Adding a difficulty mode, especially in games like FromSoftware’s that are largely focused on challenging the player in a fair and balanced way, isn’t just a matter of flipping a switch. It isn’t just about changing a few numbers here and there, uploading a patch, and calling it a day.
It would require to be designed, balanced, polished, extensively tested across the whole game, and then certified by platform holders, which isn’t an insignificant or simple process. An easy mode that would pass FromSoftware’s standards of quality and polish (assuming that such a thing even exists) would require development time and resources that aren’t in any shape or form negligible.
One argument I hear often is “why don’t you want me to be able to play a single-player game however I want? It doesn’t affect you.” This approach is very naive. Everything in game development is a trade-off. Resources and time aren’t infinite, and engaging in the process described above would require diverting those resources and development time away from something else, which would most likely be more content for Sekiro or another game.
FromSoftware is one of the very few developers in the whole gaming industry which focuses primarily on challenging games, while the overwhelming majority of titles released nowadays are centered on letting everyone get to the end with little or no trouble.
The demand for FromSoftware to dedicate time and resources to develop an easy mode for Sekiro: Shadows Die Twice doesn’t exist in a vacuum would literally affect all of the developer’s fans, as it would divert time and resources away from the studio’s focus on creating challenging games and more content for them.

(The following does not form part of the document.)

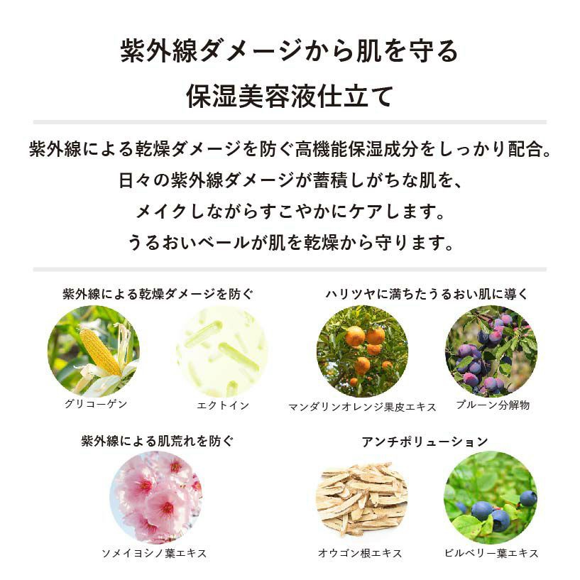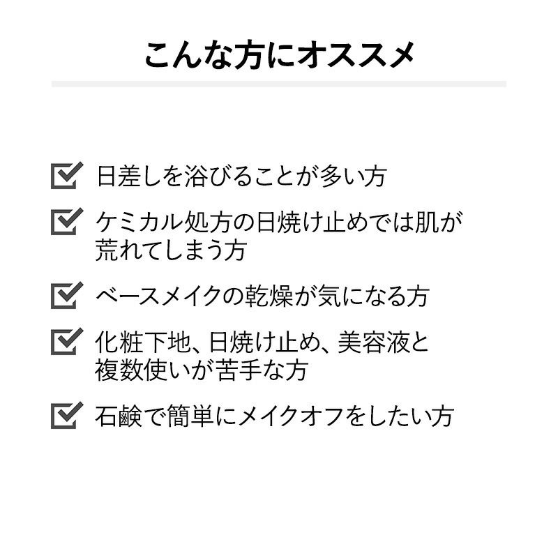 - ブランド最高レベルの紫外線カット効果を実現した、化粧下地・日焼け止め・保湿美容液の効果を持つ万能プライマー。 微細なパールが肌に溢れるようなツヤを与え、ハリのある生き生きとした肌感を演出します。 日焼け止めにありがちなきしみや乾燥、白浮きを防ぎ、保湿成分が長時間うるおいをキープ。 ノンケミカル処方で肌にやさしい使い心地で、石鹸とお湯でオフできます。

Hence, in a market so overwhelmingly focused on games which hold your hand from the beginning to the credits roll, I’d say it’s advisable to let the devs at FromSoftware focus on what they do best and on pleasing their own fans, instead of demanding the few remaining bastions of challenge to be thrown into the already bloated easy mode bucket.
There’s also an additional element that many seem to forget: the evident lack of anime girls may lead some to forget that Sekiro: Shadows Die Twice is a Japanese game, made by Japanese developers. Effort, perseverance, and overcoming challenges are deeply rooted staples of Japanese culture and this is certainly reflected in FromSoftware’s games despite the fact that their characters are designed in a more realistic and gritty manner than your usual wide-eyed waifus and husbandos.
Sekiro‘s focus on perseverance against the odds provides the player with a precious taste of the ethics and values that permeate the land where it has been created. I’m not saying that they’re any better or worse than those developed in any other country, but I believe that when approaching a game which is the fruit of a different culture, we should always do our best to embrace it and let it enrich us, instead of demanding that it adapts to ours.
Pretty much every time a Japanese game is successful, we see sectors of western media and at times even western developers convey messages that sound like “Good job, but you should make your games a little bit more like ours!” To me, this feels like nails on a chalkboard.
Developers showcasing FromSoftware’s philosophy and approach to challenge are very rare in the industry. As a matter of fact, they’re almost unique. If you don’t like their focus, there are plenty of alternatives in the market.
Ultimately, we should just let FromSoftware be FromSoftware.